I remember well when I personally first encountered the problem of the language of commandment. I had long before made a decision that, as part of my own spiritual practice, I would try to always say berachot, blessings, over my food and before performing mitzvot. I found this practice deeply meaningful and felt that it enhanced the quality of my life enormously. I started paying more attention to my actions and became more grateful for things that I had long taken for granted. The one thing I didn’t pay much attention to was whether I actually believed the words I was reciting. I used them more as verbal cues for what Buddhists call, “mindfulness.” Then once, after saying the blessing over candles, I was asked, point blank, “Do you feel commanded?” The question hit me hard. Did I feel commanded? Was that the right word? After a moment’s pause, I knew I had my answer. “No,” I said flatly. “I feel compelled.”

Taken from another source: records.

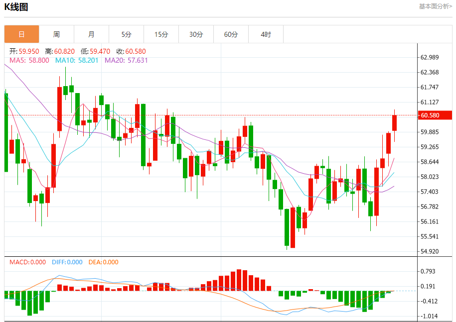 原油市场:截止北京时间21:20,美油上涨,现报60.560,涨幅1.78%。纽市盘前,(原油)价格在最近一次交易中在盘中水平上升,达到60.00美元的阻力位,这代表了我们在之前的分析中的预期目标,受到短期强劲牛市优势的支持,其在EMA50上方交易所代表的动态压力仍在继续,另一方面,我们注意到相对强度指标在达到超买水平后开始出现负面重叠信号,这可能会减少即将到来的收益。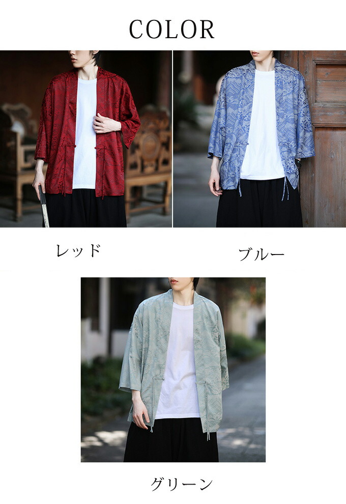 羽織 メンズ 着物 カーディガン 開襟 メンズファッション 続々入荷中 ブルー グリーン レッド M L XL 2XL 3XL 4XL 5XL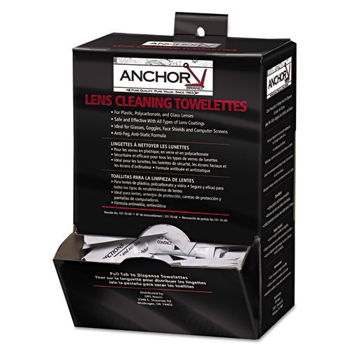 Studio : Anchor Products Publisher : Anchor Products Binding : Health and Beauty Product Description Pre-moistened with C-Clear Anti-Fog, Anti-Static formula for use on plastic, polycarbonate and glass lenses. Strategic placement of towelette dispensers throughout a facility will promote proper lens cleaning habits and extend the life of prescription and non-prescription eyewear. Contains no silicone. Safe and effective with all lens coatings including Anti-Reflective Coating. Also good for use on goggles, face shields, CRT screens and microscopes 0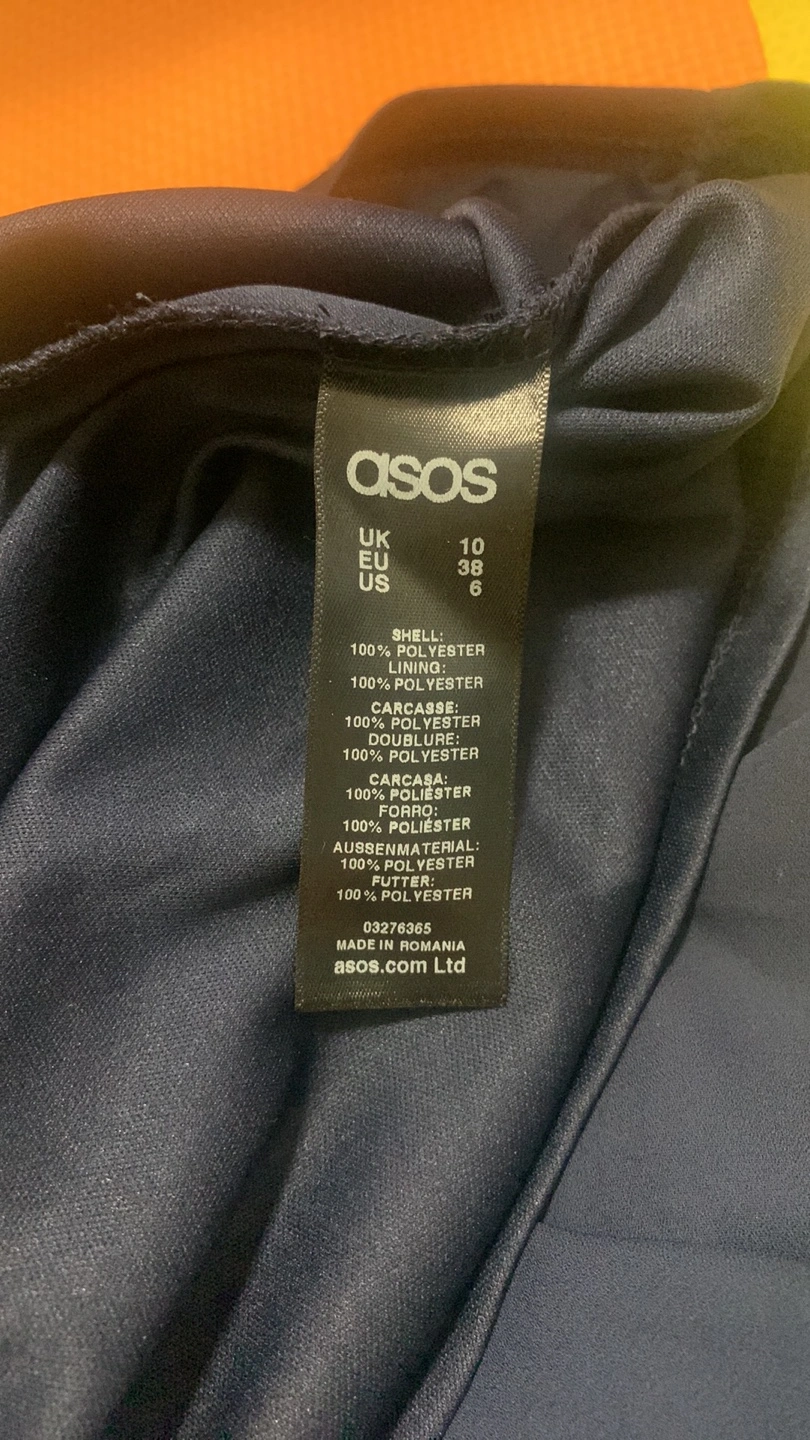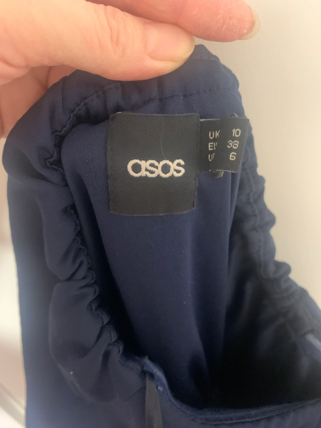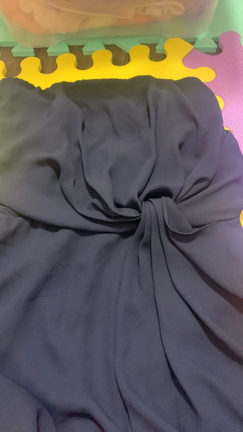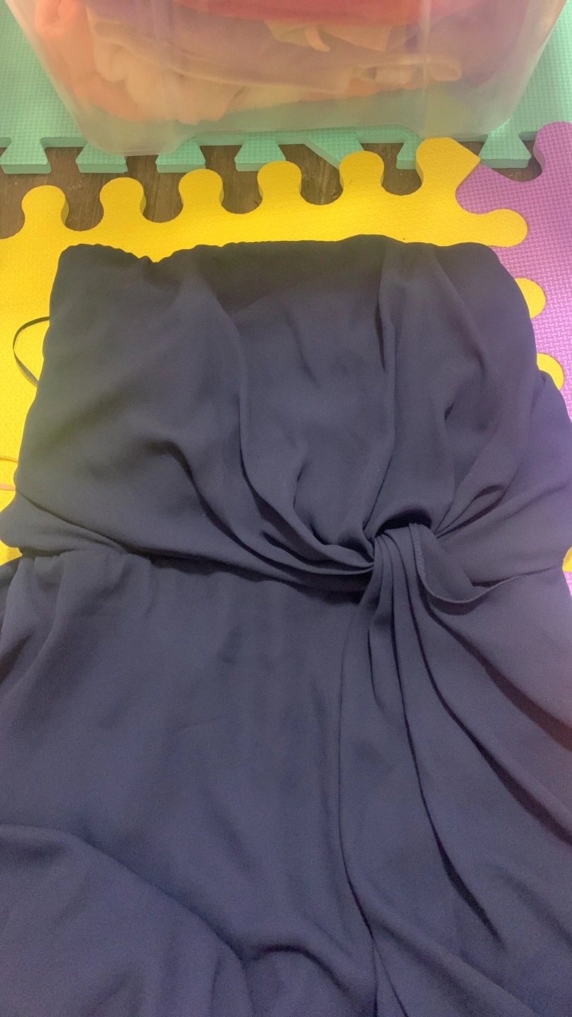Beautiful navy blue mini dress. Strapless with a twisted detail at the waist. Size 6. Polyester.

In a previous generation, that would have been a very disturbing answer. It certainly doesn’t fit into the command and control structure very well. Yet it was the only true response I could give. For a long time after that, I couldn’t help wondering if that made me a bad Jew. Eventually, I came to realise that it just made me a different kind of Jew. My models of God were different from those of previous generations, but no less valid for that. It just meant that my way of hearing God, and also of speaking about God, would equally be different. And I wasn’t alone. Over time, I have met many people with whom the phrase “I feel compelled” resonates as a description of their own relationship to the Divine. I have come to believe that this is the hallmark, the call-sign if you will, of the paradigm shift of which Frishman writes. She argues that we need to tap into other images of God in the Bible, other patterns for relating to God. Otherwise, the many good Jews out there who struggle with our classical framework of “commandment” and “obedience” will exclude themselves from the community of faith.

I hope that in the course of your busy lives, you can each take some time to reflect on your own way of hearing God – and of interpreting what you hear. I would ask you to sit in silence for a while and just listen. Don’t be too quick to decide that you don’t hear anything, just because the communication doesn’t take the form you have been led to expect. You just might be surprised at what you do hear.